Types of Exchanges
1. State Exchanges – Individual Consumer – Federal or State Run
- Carrier participation will be voluntary
- State determines plan designs: Bronze (low cost), Silver, Gold, Platinum (high cost); Catastrophic Plan – young invincibles (18 -30)
2. SHOP Exchange – Small Employers
- Open in 2015
- Limited to 50 FTE’s
- Employer picks plan for their EE’s
3. Private Exchanges – Wide variety available through various channels
- Wide variety – Single or Multiple Carrier, Regional or National, Fully or Self-Insured, Defined-Benefit or Defined-Contribution
- Available through various channels – Brokers, Technology Providers offering payroll or enrollment platforms, Insurance Companies
- Pros and Cons – Can help control cost by setting contribution amount for each employee, offer more benefit choices and services for enrollment, claims, billing, employee support.
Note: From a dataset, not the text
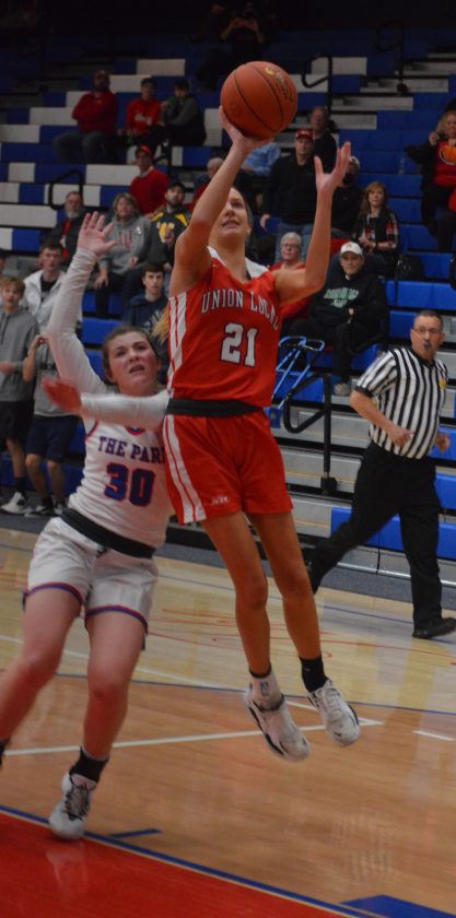 Photo/CODY TOMER Union Local’s Torre Kildow attempts the last shot of the game as time expires with Wheeling Park’s Alexis Bordas defending. The junior finished with 42 points for the Jets.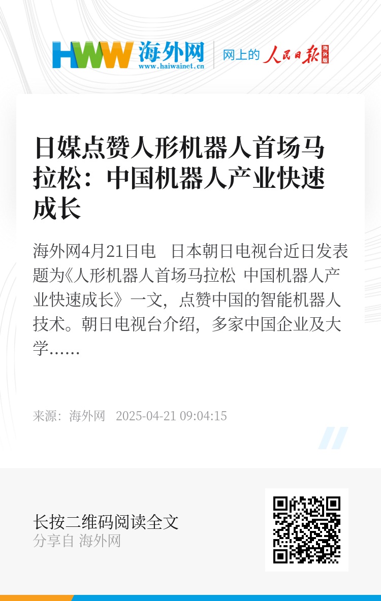 海外网4月21日电 日本朝日电视台近日发表题为《人形机器人首场马拉松 中国机器人产业快速成长》一文,点赞中国的智能机器人技术。

However they charge fees and may be more expensive; carrier participation fee, company enrollment fee or both. Employee pros and cons exist as well; they may or may not like the selection of benefits, may shoulder a great portion of the costs.
- Although they can provide a wide choice of options, employers must be concerned about ‘anti-selection’ and loss of control of the underwriting process vs. being aggregated with poor performers.
Evolving State Exchange Landscape
- State Exchanges open in 2014 for Individuals only (SHOP plans are optional by state)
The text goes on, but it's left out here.